Пополнив запасы воды и еды, снова отправились к противоположному берегу Ла-Манша. На этот раз ветер был северо-западный, похолодней и посуше. Я повел барк к проливу Па-де-Кале. Все пути английских перевозчиков шерсти ведут к порту Кале. Там и будем их встречать, а заодно и тех, кто эту шерсть повезет дальше.

Эту флотилию мы заметили под вечер. Она шла из Дувра в Кале, пользуясь хорошей погодой и легким попутным северо-западным ветром. Около полусотни плоскодонных беспалубных судов длиной метров двадцать, шириной около семи и высотой надводного борта не больше метра, с прямым парусом на низкой мачте и двумя десятками весел. В прошлую эпоху я видел такие во Фландрии и Голландии. Их использовали для речных перевозок и называли скютами. Люди Средневековья — отчаянные ребята. Выйти в открытое море на такой лоханке не каждый отважится. Или они решили, что Ла-Манш — это широкая река?!

Впрочем, я как-то на российском речном судне, которому приварили по бортам по продольной стальной балке и под них за взятку оформили морской регистр, в начале зимы совершил переход из Архангельска в ирландский порт Уиклоу. День шли, два дня прятались в шхерах. Если было, где спрятаться. В противном случае слушали, как волны бьются в иллюминаторы кают и даже ходового мостика. Иллюминаторы оказались крепкими. Не выдержало стекло бортового сигнального фонаря, установленного на крыле мостика. При этом представитель судовладельца звонил, если были недалеко от берега, или присылал радиограммы с требованием двигаться быстрее. Заткнулся только после того, как я предложил ему прилететь к нам и подтолкнуть.

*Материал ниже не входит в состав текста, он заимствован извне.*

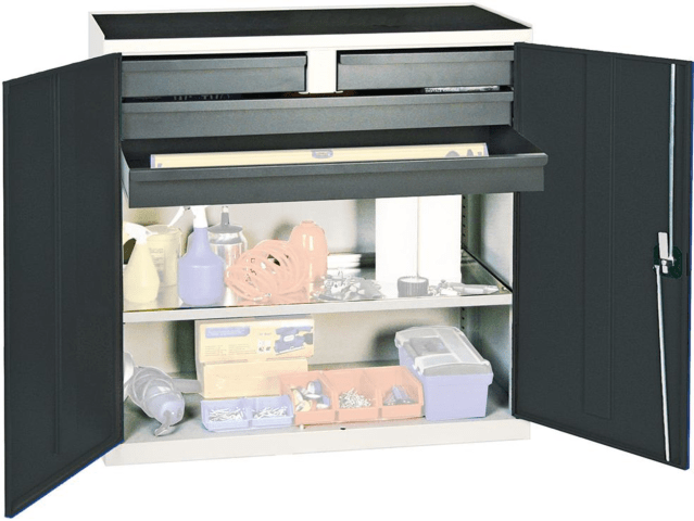Werkzeug- und Materialschrank Serie 3000, 2 Schubladen 100 mm, 2 Schubladen 100 mm durchgehend, 1 Wannenboden • Geeignet für alle betrieblichen Bereiche • Material: Qualitätsfeinblech, verschweißt •
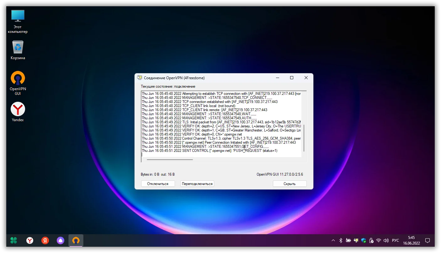 3. После запуска необходимо подключиться к OpenVPN (шлют: 83.70.214.56:443).
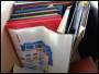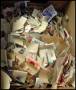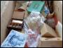 Flyttekasse med bla. mange postkort m.v.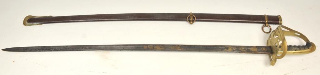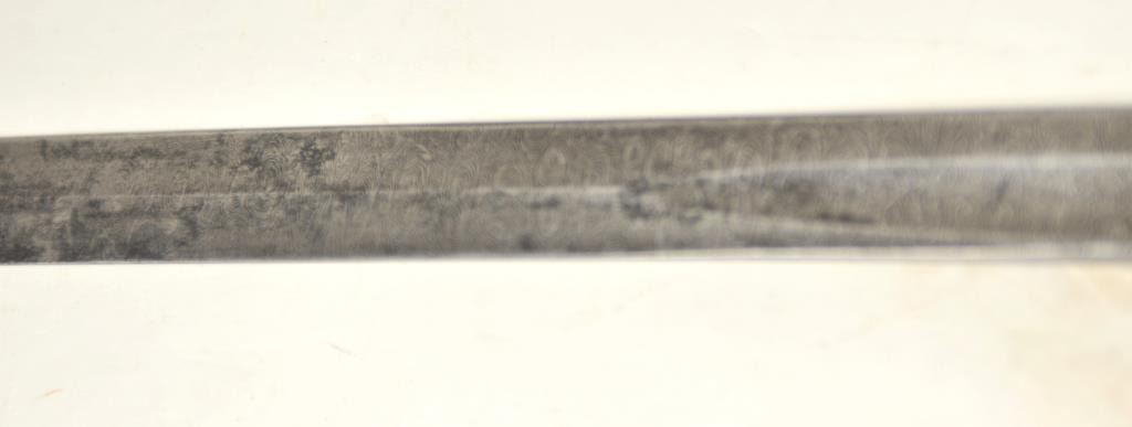 Imported Civil War Variant Patter Officer’s sabre with pierced guard showing standing liberty. The blade is Damascus patterned with panel that reads, “Most Respectfully dedicated by Wm. Walshed Sword CutletSolingen”. The reverse reads in similar panel “Wagner and Malscheid Agents, 51 Mairen Lane New York” shows Walsheid Solingen maker’s mark. The condition is very good plus and may clean to fine. Most likely a display sampleor exhibition piece for sales purposes. Est.: $1500-$300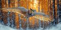 Majestic Owl Soaring Over Snowy Winter Forest at Dusk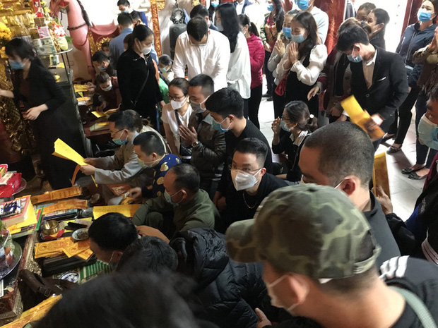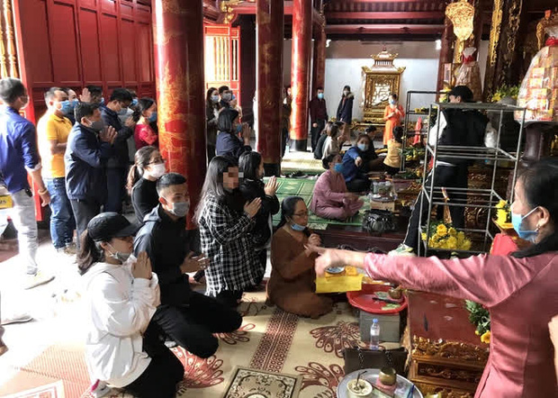 Đầu năm mới, có hàng nghìn lượt người đến đền ông Hoàng Mười thắp hương cầu khấn, nhưng nhiều người vẫn chủ quan không đeo khẩu trang chống dịch Covid-19.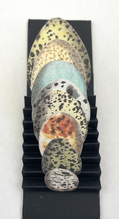 This diamon-shaped accordion book has lots of ladies' hands holding their fine feathere friends. One of a kind. Measures 2" by 2".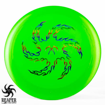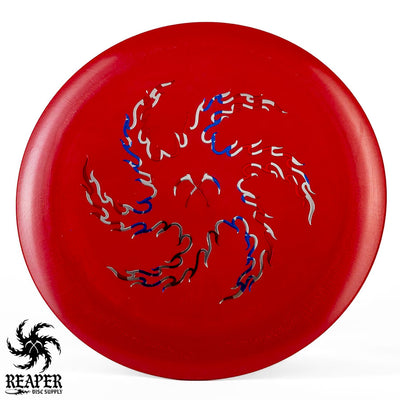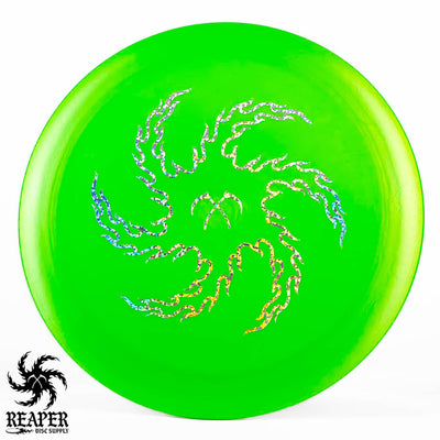 Experience exceptional glide, precision, and grippy premium plastic with the Innova GStar Wraith (Reaper Edition). Crafted from Innova's gummy GStar plastic, the disc not only has a gorgeous metallic sheen but also offers superior flexibility, and has a gummier feel than standard Star plastic.

Охраняли флотилию два галиота — небольшие двадцатичетырехвесельные одномачтовые галеры, у которых на баке стояло по бомбарде, а на корме — по четыре кулеврины. Оба сразу устремились к барку, надеясь на свое преимущество при слабом ветре. Шли резво, не меньше шести узлов. Одна нападала с левого борта, вторая — с правого. С расстояния в полкабельтова выстрелили из бомбард каменными ядрами. Брали на испуг. Одно, из свето-коричневого известняка, встряло в корпус, напоминая гнойный нарыв, второе порвало нижний парус на грот-мачте и, подняв фонтан брызг, плюхнулось в воду в паре кабельтовых от барка. Мы ответили чугунными ядрами. Я приказал целиться как можно ниже. С короткой дистанции все ядра нашли свою цель. Тот галиот, что нападал справа, получил два ядра на уровне ватерлинии и стал быстро набирать воду. Второму ядра наделали дыр выше и попали, видимо, в гребцов, потому что часть весел так и осталась опущенными в воду, а остальные замерли параллельно воде. Залпы картечью из карронад, которые я распределил поровну на каждый борт, смели с тонущего галиота матросов и гребцов, собравшихся на носовой и кормовой платформах, и умерили пыл экипажа второй. Она по инерции еще скользила в сторону барка. Должна была пройти у нас по корме.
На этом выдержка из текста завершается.